Ohki Yasushi, Ikawa Yoshiya, Shiraishi Hideaki, Inoue Tan
Graduate School of Biostudies, Kyoto University, Kyoto 606-8502, Japan.
Genes Cells. 2002 Aug;7(8):851-60. doi: 10.1046/j.1365-2443.2002.00567.x.
The Tetrahymena group I ribozyme folds into a complex three-dimensional structure for performing catalytic reactions. The catalysis depends on its catalytic core consisting of two helical domains, P4-P6 and P3-P7, connected by single stranded regions. In the folding process, most of this ribozyme folds in a hierarchical manner in which a kinetically stable intermediate determines the overall folding rate.

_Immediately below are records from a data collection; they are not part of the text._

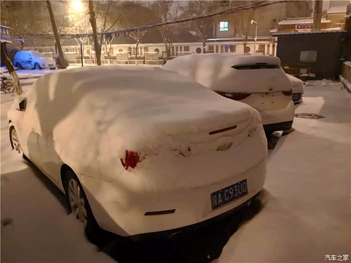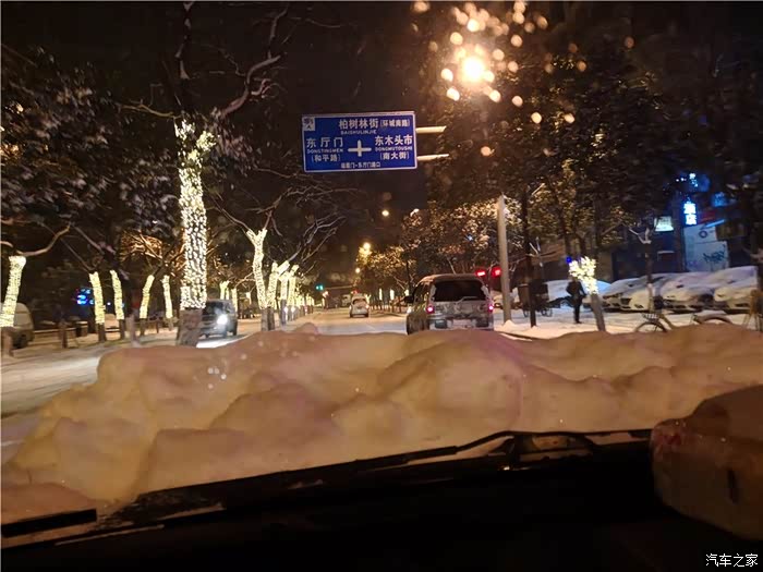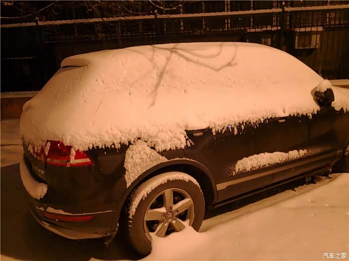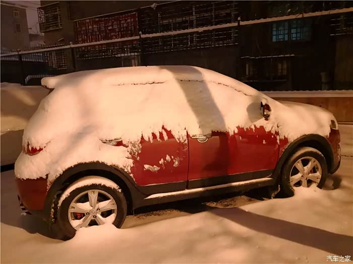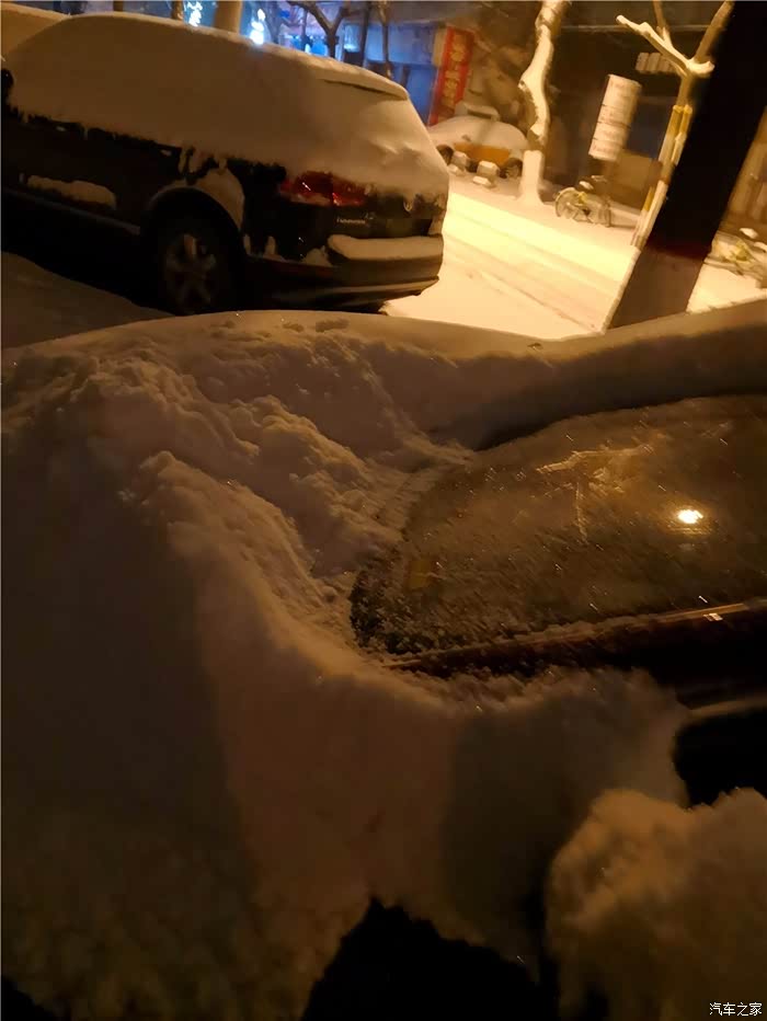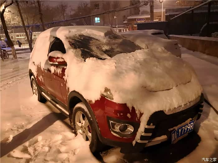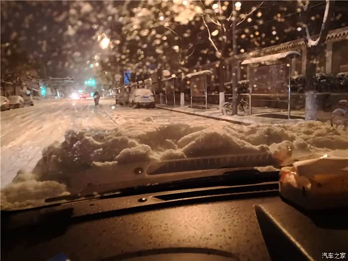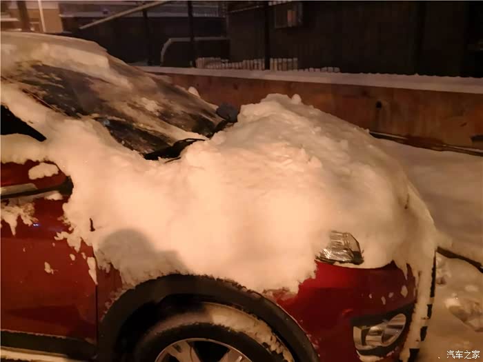 引擎盖上的雪好厚,快挡住视线了!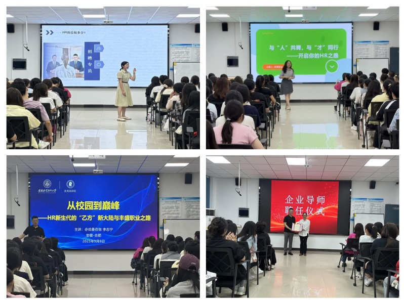 9月9日上午,在“行业前沿”主题活动中,来自祥源物业服务有限公司和合肥优曼人力资源咨询有限公司的企业专家章亭和李志宁分别从人力资源管理和人力资源服务两个维度,通过真实案例生动展示了人力资源工作的价值与挑战,为同学们搭建了理论与实践的桥梁。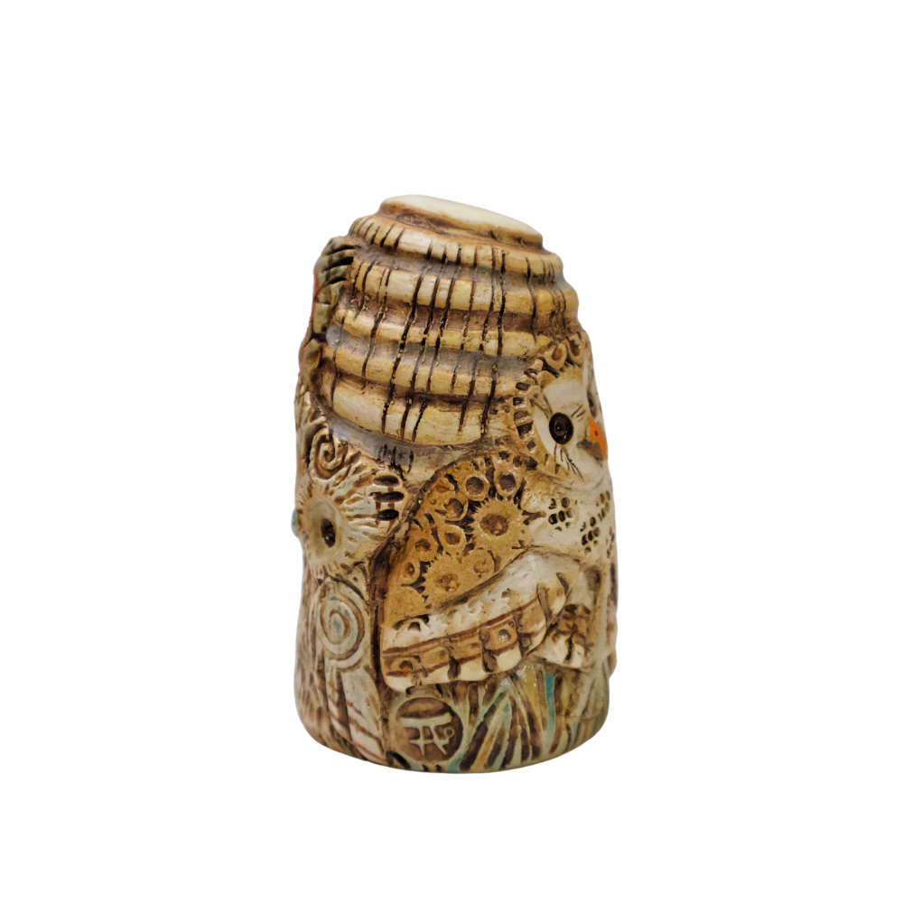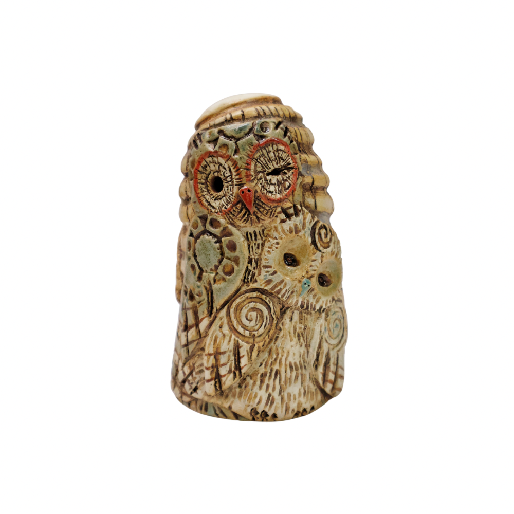 Clay sculpture featuring multiple owls by Terry Ostovar.

Although the nature of this intermediate has not yet been elucidated, a mispaired P3 stem (alt-P3) appears a likely candidate. To examine the effects of the alt-P3 structure on the kinetic and thermodynamic properties of the active structure of the ribozyme or its P3-P7 domain formation, we prepared and analysed variant ribozymes in which relative stabilities of the original P3 and alt-P3 structure were altered systematically.
The results indicate that the alt-P3 structure is not the major rate-limiting factor in the folding process.

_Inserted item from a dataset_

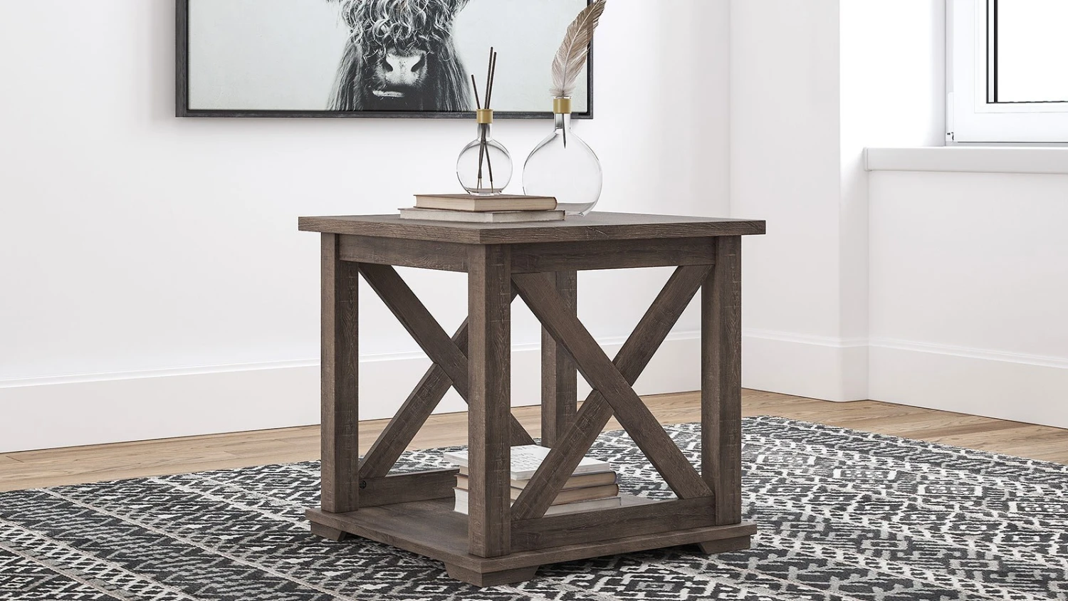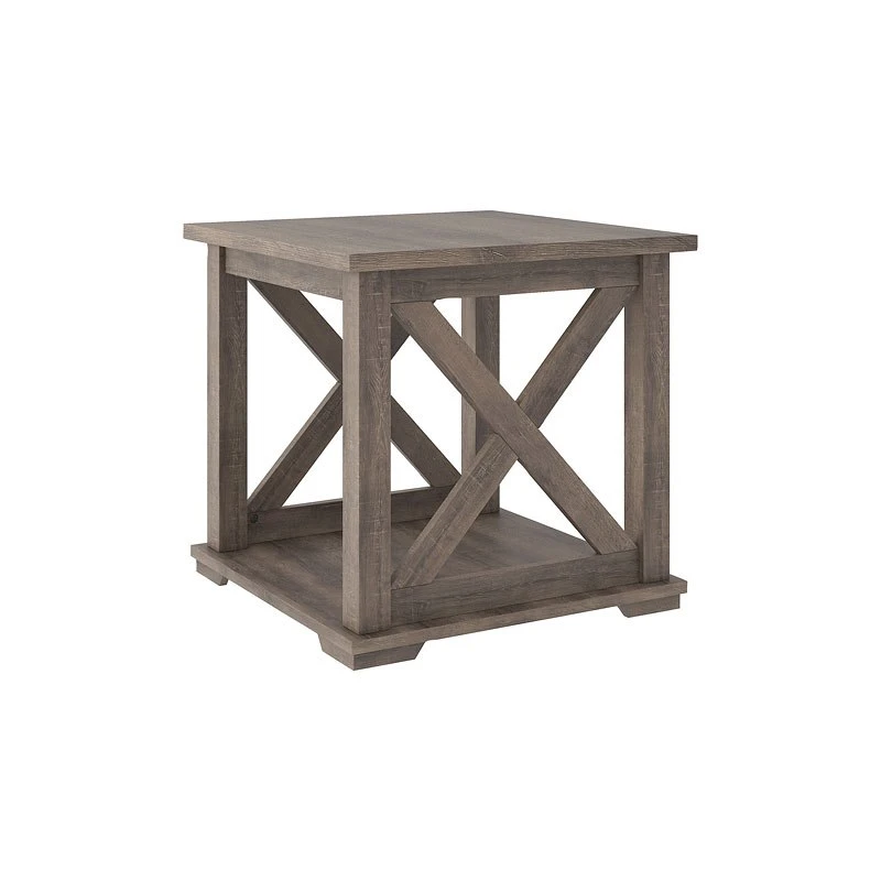 Choice of drawer end table or an open shelf end table with cross-buck design

嗜热四膜虫I组核酶折叠成复杂的三维结构以进行催化反应。催化作用取决于其由两个螺旋结构域P4 - P6和P3 - P7通过单链区域连接而成的催化核心。在折叠过程中,该核酶的大部分以分级方式折叠,其中动力学稳定的中间体决定了整体折叠速率。
尽管该中间体的性质尚未阐明,但错配的P3茎(alt - P3)似乎是一个可能的候选者。为了研究alt - P3结构对核酶活性结构或其P3 - P7结构域形成的动力学和热力学性质的影响,我们制备并分析了变体核酶,其中原始P3和alt - P3结构的相对稳定性被系统地改变。
结果表明alt - P3结构不是折叠过程中的主要限速因素。